Description of the task: Every line of the data below should be repeated exactly, and no picture should be copied.

━━ Source data

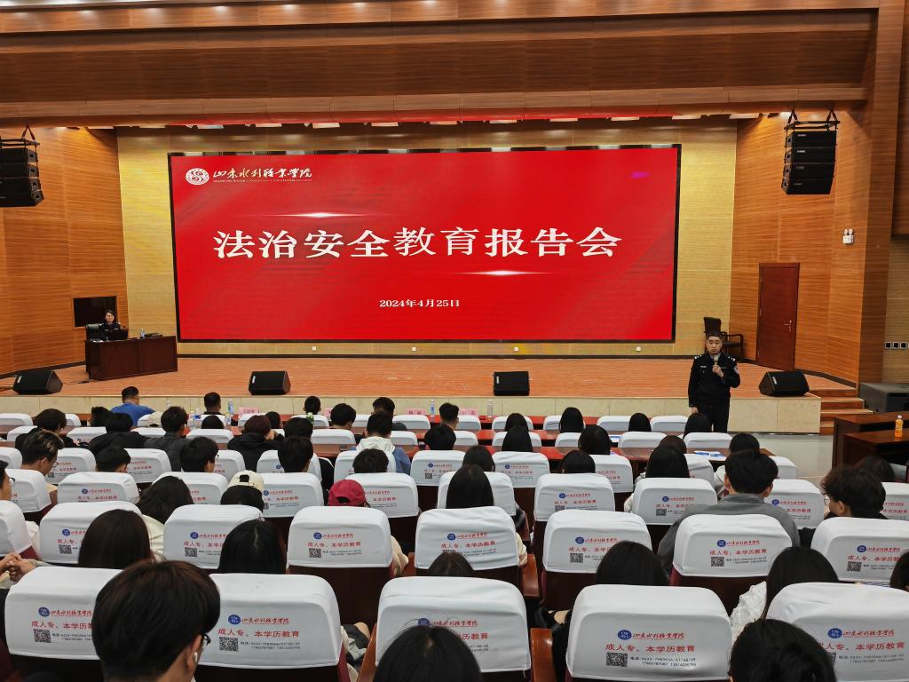 4月25日,学院在学术会议中心举行法治安全专题报告会,特邀日照市公安局政保支队境外非政府组织大队大队长宋德水、东港公安分局刑警大队五中队指导员杨丽、东港公安分局网安大队民警丁凌霄等5人来校作专题报告。学生工作处、总务处、各系部相关负责人,辅导员代表及700余名学生参加活动。
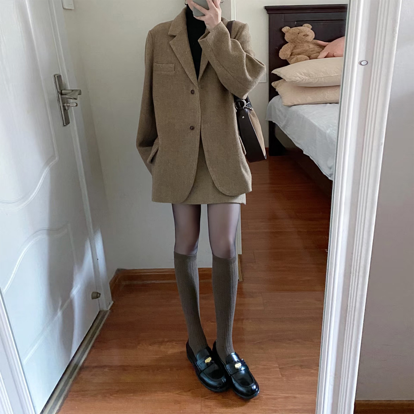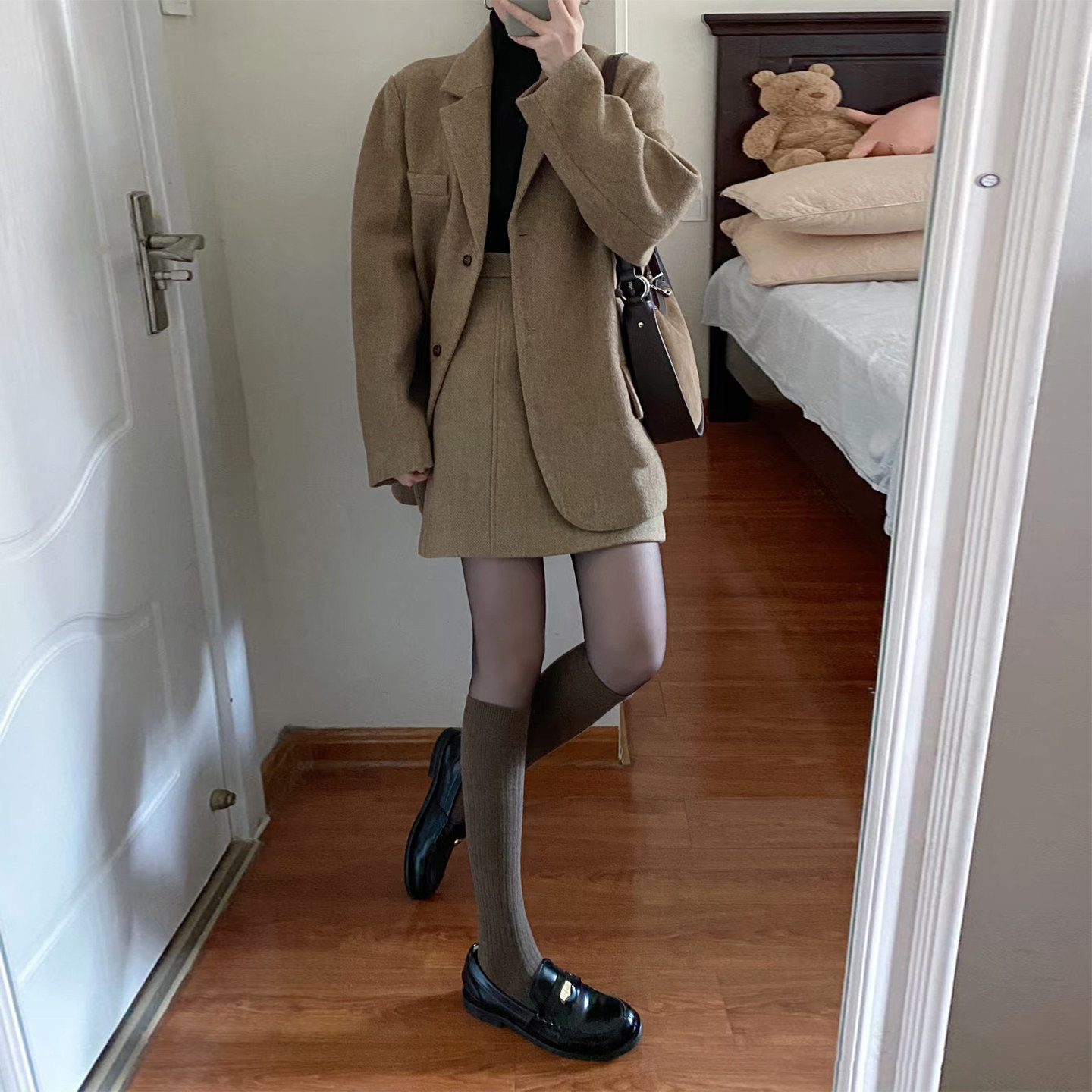 淘宝韩系老钱风西装外套半身裙两件套女秋冬新款高级感小个子套装穿搭
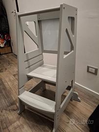 Vendo torre di apprendimento in legno stabile e solida con lavagna magnetica bifacciale e possibilità di regolare le altezze. Consegna a mano.
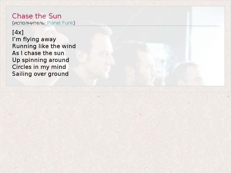 А как ты думаешь, о чем песня "Chase the Sun" ?
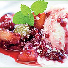 Wokad frukt med ingefära och kokos
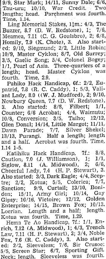 9/9, Star Mark; 14/11, Sunny Dale; 6/6, Tau-uru; 10/10, War Credit. Two lengths; head. Parchment was fourth. Time, 1.14. Ling Memorial Stakes, I jm.: 4/3, The Buzzer, 8.7 (D. W. Redstone), 1; 7/6, Meamea, 7.11 (C. G. Goulsbro), 2; 6/8, Homily, 7.9 (K. Chote), 3. Also started: 9/10, Siegmund; 2/2, Little Robin; 10/9, Master Cyklon; 8/7, Old Surrey; 3/5, Gaelic Song; 5/4, Colonel Bogey; 1/1, Pearl of Asia. Three-quarters of a length; head. Master Cyklon was fourth. Time, 2.9. Pahiko Hack Handicap, 6f.: 2/2, Eupatrid, 7.8 (R. C. Caddy), 1; 5/3, Valiant Lady, 8.0 ((W. J. Mudford), 2; 9/10, Newbury Queen, 7.7 (D. W. Redstone), 3. Also started: 8/8, Filbert; 1/1, Counter; 6/6 Acrobat; 4/4, Waimutu; 10/8, Conversion; 3/5, Taiho; 12/12, Glen Donal; 14/14, Little Margot; 11/11, Dawn Parade; 7/7, Silver Shekel; 13/13, Purangi. Half a length; length and a half. Acrobat was fourth. Time, 1.14 1-5. Katihiku Hack Handicap, 7f.: 8/8, Caution; 7.0 (J. Williamson), 1; 1/1, Siglow, 8.11 (A. Midwood), 2; 6/6, Cheerful Lady, 7.4 (H. P. Stewart), 3. Also started: 3/3, Dark Eagle; 4/4, Sceptre; 2/2, Kotua; 5/5, Colerica; 7/7, Sanction; 9/9, Curtail; 13/10, Boniden; 15/11, Army Girl; 10/14, Gay Gipsy; 16/16, Victoire; 12/12, Golden Enterprise; 14/15, Brown Fox; 10/13. Locrian. Length and a half; length. Kotua was fourth. Time, 1.29. Hema Te Ao Handicap, 7f.: 1/1, Enrich. 7.12 (A. Midwood), 1; 4/3, Trench Law, 7.11 (H. P. Stewart), 2; 3/4, Noble Fox, 7.6 (R. C. Caddy), 3. Also started: 2/2, Sleeveless; 7/6, Sir Crusoe: 5./5, Screen Star; 6/7, Sporting Gift. Neck: length. Sleeveless was fourth.
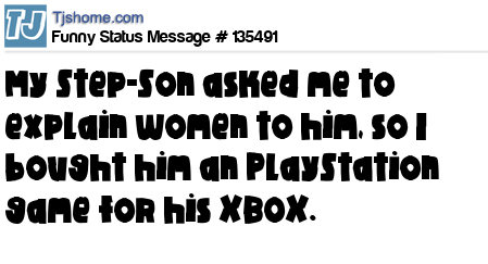 X  My Step-Son asked me to explain women to him, so I bought him an PlayStation game for his XBOX.
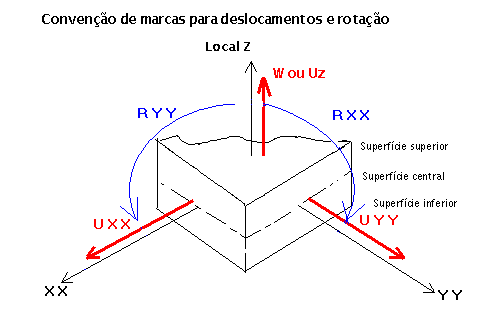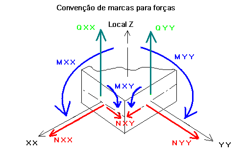 Os resultados obtidos para elementos finitos planos são apresentados em sistemas de coordenadas locais que são definidos pelo usuário e modificados a qualquer momento da apresentação dos resultados. Os resultados obtidos para estruturas que contêm EF plana podem ser apresentados na forma de isolinhas ou mapas de cores em elementos selecionados. A opção Valores, que seleciona Com descrição por padrão, também está disponível. As descrições de valor da estrutura de placa ou casca nos centros dos elementos serão apresentadas sem mapas de desenho ou isolinhas.

━━━━

Written solution:
 4月25日,学院在学术会议中心举行法治安全专题报告会,特邀日照市公安局政保支队境外非政府组织大队大队长宋德水、东港公安分局刑警大队五中队指导员杨丽、东港公安分局网安大队民警丁凌霄等5人来校作专题报告。学生工作处、总务处、各系部相关负责人,辅导员代表及700余名学生参加活动。
 淘宝韩系老钱风西装外套半身裙两件套女秋冬新款高级感小个子套装穿搭
 Vendo torre di apprendimento in legno stabile e solida con lavagna magnetica bifacciale e possibilità di regolare le altezze. Consegna a mano.
 А как ты думаешь, о чем песня "Chase the Sun" ?
 Wokad frukt med ingefära och kokos
 9/9, Star Mark; 14/11, Sunny Dale; 6/6, Tau-uru; 10/10, War Credit. Two lengths; head. Parchment was fourth. Time, 1.14. Ling Memorial Stakes, I jm.: 4/3, The Buzzer, 8.7 (D. W. Redstone), 1; 7/6, Meamea, 7.11 (C. G. Goulsbro), 2; 6/8, Homily, 7.9 (K. Chote), 3. Also started: 9/10, Siegmund; 2/2, Little Robin; 10/9, Master Cyklon; 8/7, Old Surrey; 3/5, Gaelic Song; 5/4, Colonel Bogey; 1/1, Pearl of Asia. Three-quarters of a length; head. Master Cyklon was fourth. Time, 2.9. Pahiko Hack Handicap, 6f.: 2/2, Eupatrid, 7.8 (R. C. Caddy), 1; 5/3, Valiant Lady, 8.0 ((W. J. Mudford), 2; 9/10, Newbury Queen, 7.7 (D. W. Redstone), 3. Also started: 8/8, Filbert; 1/1, Counter; 6/6 Acrobat; 4/4, Waimutu; 10/8, Conversion; 3/5, Taiho; 12/12, Glen Donal; 14/14, Little Margot; 11/11, Dawn Parade; 7/7, Silver Shekel; 13/13, Purangi. Half a length; length and a half. Acrobat was fourth. Time, 1.14 1-5. Katihiku Hack Handicap, 7f.: 8/8, Caution; 7.0 (J. Williamson), 1; 1/1, Siglow, 8.11 (A. Midwood), 2; 6/6, Cheerful Lady, 7.4 (H. P. Stewart), 3. Also started: 3/3, Dark Eagle; 4/4, Sceptre; 2/2, Kotua; 5/5, Colerica; 7/7, Sanction; 9/9, Curtail; 13/10, Boniden; 15/11, Army Girl; 10/14, Gay Gipsy; 16/16, Victoire; 12/12, Golden Enterprise; 14/15, Brown Fox; 10/13. Locrian. Length and a half; length. Kotua was fourth. Time, 1.29. Hema Te Ao Handicap, 7f.: 1/1, Enrich. 7.12 (A. Midwood), 1; 4/3, Trench Law, 7.11 (H. P. Stewart), 2; 3/4, Noble Fox, 7.6 (R. C. Caddy), 3. Also started: 2/2, Sleeveless; 7/6, Sir Crusoe: 5./5, Screen Star; 6/7, Sporting Gift. Neck: length. Sleeveless was fourth.
 X  My Step-Son asked me to explain women to him, so I bought him an PlayStation game for his XBOX.
 Os resultados obtidos para elementos finitos planos são apresentados em sistemas de coordenadas locais que são definidos pelo usuário e modificados a qualquer momento da apresentação dos resultados. Os resultados obtidos para estruturas que contêm EF plana podem ser apresentados na forma de isolinhas ou mapas de cores em elementos selecionados. A opção Valores, que seleciona Com descrição por padrão, também está disponível. As descrições de valor da estrutura de placa ou casca nos centros dos elementos serão apresentadas sem mapas de desenho ou isolinhas.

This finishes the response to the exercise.